══ Source material ══
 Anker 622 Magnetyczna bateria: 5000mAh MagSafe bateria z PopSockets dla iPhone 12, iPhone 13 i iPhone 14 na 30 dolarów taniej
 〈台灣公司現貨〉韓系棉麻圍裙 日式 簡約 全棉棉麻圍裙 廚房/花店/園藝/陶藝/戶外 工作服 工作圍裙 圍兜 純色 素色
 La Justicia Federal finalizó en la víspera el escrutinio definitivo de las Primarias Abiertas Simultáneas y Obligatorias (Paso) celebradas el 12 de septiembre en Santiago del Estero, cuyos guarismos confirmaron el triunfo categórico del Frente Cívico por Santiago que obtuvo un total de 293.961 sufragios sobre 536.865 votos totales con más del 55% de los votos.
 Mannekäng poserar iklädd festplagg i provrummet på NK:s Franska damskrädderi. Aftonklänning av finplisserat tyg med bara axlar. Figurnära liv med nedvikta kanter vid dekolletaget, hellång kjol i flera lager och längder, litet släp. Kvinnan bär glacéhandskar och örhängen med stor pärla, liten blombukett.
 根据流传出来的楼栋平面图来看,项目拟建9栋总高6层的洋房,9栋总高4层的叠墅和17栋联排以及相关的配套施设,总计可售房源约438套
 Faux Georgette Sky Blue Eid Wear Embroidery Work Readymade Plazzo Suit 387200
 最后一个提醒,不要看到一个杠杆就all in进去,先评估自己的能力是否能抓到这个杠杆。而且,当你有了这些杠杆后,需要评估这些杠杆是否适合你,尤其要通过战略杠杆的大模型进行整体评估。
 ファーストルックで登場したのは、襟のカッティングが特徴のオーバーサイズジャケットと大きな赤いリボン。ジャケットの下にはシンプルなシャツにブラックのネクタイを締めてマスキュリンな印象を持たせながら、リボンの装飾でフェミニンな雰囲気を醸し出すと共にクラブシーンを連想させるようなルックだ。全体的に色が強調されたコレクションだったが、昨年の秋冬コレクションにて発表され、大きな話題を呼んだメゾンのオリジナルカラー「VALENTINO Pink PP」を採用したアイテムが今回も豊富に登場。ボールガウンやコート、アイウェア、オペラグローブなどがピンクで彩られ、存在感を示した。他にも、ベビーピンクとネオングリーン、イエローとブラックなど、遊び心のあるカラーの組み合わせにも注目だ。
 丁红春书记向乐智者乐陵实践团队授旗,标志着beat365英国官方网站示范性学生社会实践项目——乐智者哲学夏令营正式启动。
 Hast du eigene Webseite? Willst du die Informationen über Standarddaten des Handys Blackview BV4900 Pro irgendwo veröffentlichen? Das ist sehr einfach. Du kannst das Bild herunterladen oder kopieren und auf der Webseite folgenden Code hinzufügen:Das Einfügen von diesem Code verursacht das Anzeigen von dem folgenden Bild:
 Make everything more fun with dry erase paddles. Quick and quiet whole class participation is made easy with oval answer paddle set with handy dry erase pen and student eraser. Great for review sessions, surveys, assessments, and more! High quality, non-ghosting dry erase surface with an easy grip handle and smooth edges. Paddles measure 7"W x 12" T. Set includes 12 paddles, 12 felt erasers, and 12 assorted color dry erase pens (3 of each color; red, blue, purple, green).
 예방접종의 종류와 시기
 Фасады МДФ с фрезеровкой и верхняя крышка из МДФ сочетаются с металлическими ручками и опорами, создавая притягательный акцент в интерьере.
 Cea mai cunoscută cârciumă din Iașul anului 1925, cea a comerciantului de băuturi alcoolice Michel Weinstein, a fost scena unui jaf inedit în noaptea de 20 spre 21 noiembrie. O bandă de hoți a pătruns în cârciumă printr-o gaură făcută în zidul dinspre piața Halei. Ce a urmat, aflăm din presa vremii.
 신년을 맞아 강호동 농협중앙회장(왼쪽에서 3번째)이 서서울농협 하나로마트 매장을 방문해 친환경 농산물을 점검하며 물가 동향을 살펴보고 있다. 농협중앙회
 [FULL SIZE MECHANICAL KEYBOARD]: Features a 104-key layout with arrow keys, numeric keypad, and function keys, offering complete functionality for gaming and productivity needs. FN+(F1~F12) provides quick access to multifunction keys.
═══
What you need to do |
Nothing but the lines from the one containing "Cea mai cunoscută" through the end of the entries belongs in the answer; repeat them exactly.

Task answer |
 Cea mai cunoscută cârciumă din Iașul anului 1925, cea a comerciantului de băuturi alcoolice Michel Weinstein, a fost scena unui jaf inedit în noaptea de 20 spre 21 noiembrie. O bandă de hoți a pătruns în cârciumă printr-o gaură făcută în zidul dinspre piața Halei. Ce a urmat, aflăm din presa vremii.
 신년을 맞아 강호동 농협중앙회장(왼쪽에서 3번째)이 서서울농협 하나로마트 매장을 방문해 친환경 농산물을 점검하며 물가 동향을 살펴보고 있다. 농협중앙회
 [FULL SIZE MECHANICAL KEYBOARD]: Features a 104-key layout with arrow keys, numeric keypad, and function keys, offering complete functionality for gaming and productivity needs. FN+(F1~F12) provides quick access to multifunction keys.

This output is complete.